## EXERCISE REQUIREMENTS
The line that contains "Набор чашек с" and all lines following it to the end of the data below: set these down exactly, and nothing besides.

## EXTRACTED INFORMATION

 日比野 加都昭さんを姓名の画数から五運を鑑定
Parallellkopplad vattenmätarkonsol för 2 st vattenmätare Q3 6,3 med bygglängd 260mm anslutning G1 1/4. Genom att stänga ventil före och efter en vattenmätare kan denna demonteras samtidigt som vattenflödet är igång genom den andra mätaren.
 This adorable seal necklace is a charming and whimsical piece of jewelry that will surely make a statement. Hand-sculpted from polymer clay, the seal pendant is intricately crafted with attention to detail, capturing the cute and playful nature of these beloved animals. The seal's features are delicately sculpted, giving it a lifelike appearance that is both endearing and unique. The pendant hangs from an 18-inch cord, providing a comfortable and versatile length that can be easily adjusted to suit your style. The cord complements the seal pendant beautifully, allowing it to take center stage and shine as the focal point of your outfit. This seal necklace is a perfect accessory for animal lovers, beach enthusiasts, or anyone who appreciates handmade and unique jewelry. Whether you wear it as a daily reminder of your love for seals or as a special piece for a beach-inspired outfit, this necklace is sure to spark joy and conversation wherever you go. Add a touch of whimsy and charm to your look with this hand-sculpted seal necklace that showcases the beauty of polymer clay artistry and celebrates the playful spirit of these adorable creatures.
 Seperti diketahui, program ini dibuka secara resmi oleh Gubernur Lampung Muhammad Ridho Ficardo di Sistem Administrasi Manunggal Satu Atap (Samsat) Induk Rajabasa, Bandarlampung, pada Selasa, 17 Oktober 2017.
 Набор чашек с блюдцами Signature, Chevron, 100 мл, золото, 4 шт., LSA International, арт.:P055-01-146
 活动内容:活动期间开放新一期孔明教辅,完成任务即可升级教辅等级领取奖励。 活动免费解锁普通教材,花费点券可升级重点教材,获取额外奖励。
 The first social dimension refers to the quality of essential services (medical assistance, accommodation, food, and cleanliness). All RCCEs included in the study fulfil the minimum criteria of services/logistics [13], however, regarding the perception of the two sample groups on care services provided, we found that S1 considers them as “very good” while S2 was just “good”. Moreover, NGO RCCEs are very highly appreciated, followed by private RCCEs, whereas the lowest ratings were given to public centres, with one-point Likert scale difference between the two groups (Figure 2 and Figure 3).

## TASK ANSWER
 Набор чашек с блюдцами Signature, Chevron, 100 мл, золото, 4 шт., LSA International, арт.:P055-01-146
 活动内容:活动期间开放新一期孔明教辅,完成任务即可升级教辅等级领取奖励。 活动免费解锁普通教材,花费点券可升级重点教材,获取额外奖励。
 The first social dimension refers to the quality of essential services (medical assistance, accommodation, food, and cleanliness). All RCCEs included in the study fulfil the minimum criteria of services/logistics [13], however, regarding the perception of the two sample groups on care services provided, we found that S1 considers them as “very good” while S2 was just “good”. Moreover, NGO RCCEs are very highly appreciated, followed by private RCCEs, whereas the lowest ratings were given to public centres, with one-point Likert scale difference between the two groups (Figure 2 and Figure 3).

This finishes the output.